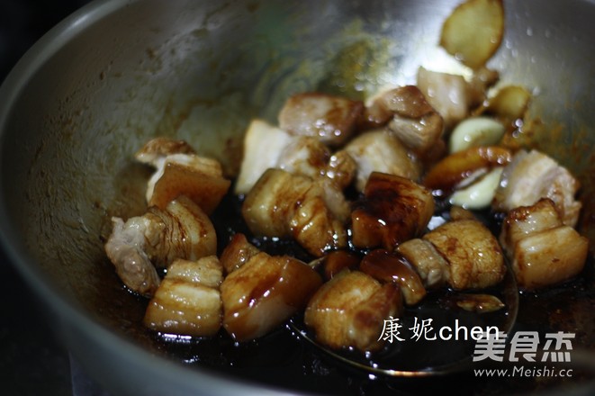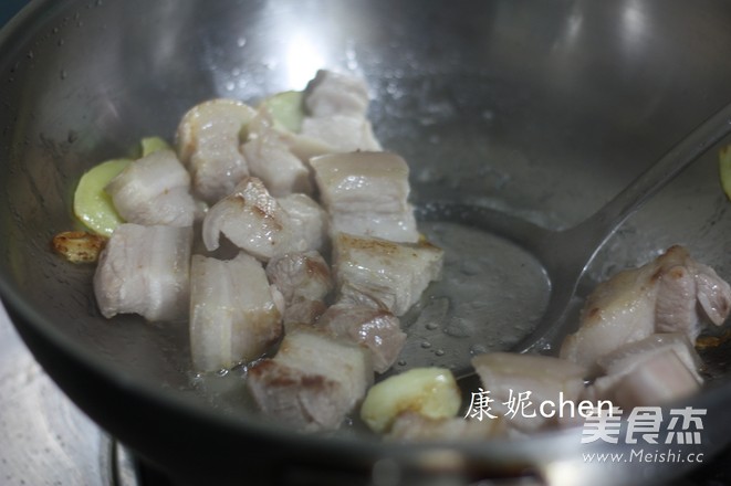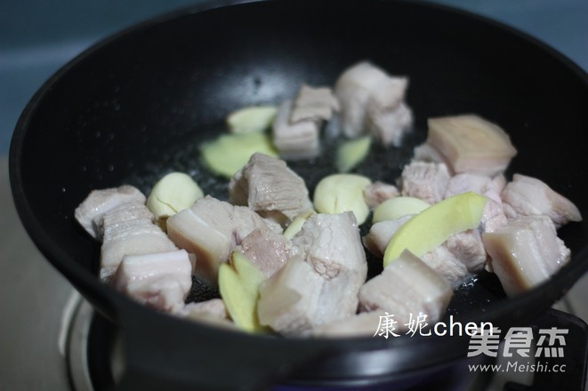 炒鍋放一勺油和砂糖,用小火將砂糖融化,放入五花肉塊和姜片蒜肉一起翻炒
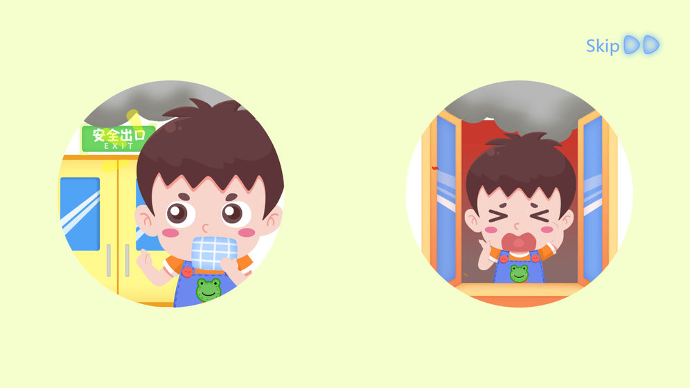 2、火警宣传动画,覆盖了如何防止火灾,发生火警时如何逃生,以及消防员的特征。
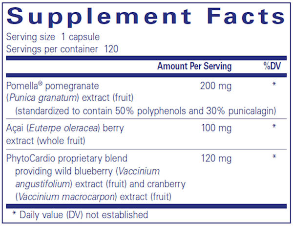Offers the combined nutritional power of pomegranate and other fruit extracts to promote vascular and cellular health.
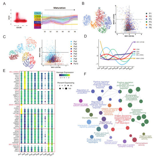 Previously, we used longitudinal flow cytometry data from 10 vaccinated donors to establish how expression of selected cell surface markers changes during maturation of PB/PCs [5]. To visualize the plasma cell maturation in the here studied donor, the PB/PCs data from days 0, 5, 7, 10 and 14 were merged in the Infinicyt software (Infinicyt™ Software v2.0, Cytognos) and the maturation was defined by the downregulation of CD20 and upregulation of CD138 (Figure 2A left panel). The most mature cells exhibited CD20-CD138+ phenotype. Then we traced changes in expression of four additional markers i.e., CD19, CD27, CD62L, and CD38. Based on the expression of all six markers, we drew new maturation pathways and divided it into six continuous maturation stages (Figure 2A right panel). Similar to flow cytometry staging, after removing B cells, PB/PCs were clustered based on all the genes and arranged with phenotype ranging from CD20+CD138- (less mature) to CD20-CD138+ (most mature) (Figure 2B). However, the cells from different clusters were mixed and the maturation based on P1-P6 clusters could not be drawn. Therefore, we clustered the PB/PCs again based on the expression of only 6 genes (SELL (CD62L), TNFRSF7 (CD27), SDC1 (CD138), ADPRC1 (CD38), MS4A1 (CD20) and B4 (CD19)) and used the expression of CD20 and CD138 to align the clusters with the maturation pathway of the PB/PCs. Herein, based on the maturation pathway defined by CD20 and CD138 markers, a trajectory from the blue-colored clusters (Pa1) to the dark red ones (Pa10) can be drawn (Figure 2C). Based on the maturation of clustered cells the staging of the PB/PCs was performed from Pa1-Pa10 and the expression of other markers was assessed (Figure 2D).
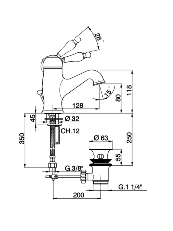 Смеситель для раковины, Cisal, Arcana Empress, тип открывания воды-однорычажный, отверстия для монтажа-1, вынос излива, мм-128, донный клапан-есть, цвет-Gold Смеситель для раковины, Cisal, Arcana Empress, цвет-Gold
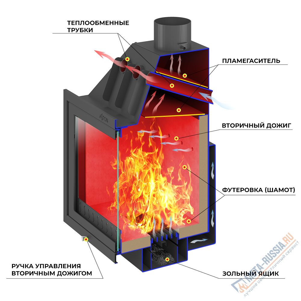 Пламя и дымовые газы, догорая, огибают пламегаситель в верхней части топочной камеры. В дымосборнике над конвекционными трубами расположен второй пламегаситель, который повторно меняет направление движения газов и таким образом способствует их полному догоранию в топке. За счёт совместной работы двух пламегасителей достигается максимальная тепловая эффективность каминной топки АСТОН 600, в том числе повышается теплоотдача печи путём усиления конвекции.

> _What to do_: Only the lines from the first line of the entries through the line containing "Offers the combined" should be output, exactly as they are, without pictures.

> _Answer space_:
 炒鍋放一勺油和砂糖,用小火將砂糖融化,放入五花肉塊和姜片蒜肉一起翻炒
 2、火警宣传动画,覆盖了如何防止火灾,发生火警时如何逃生,以及消防员的特征。
Offers the combined nutritional power of pomegranate and other fruit extracts to promote vascular and cellular health.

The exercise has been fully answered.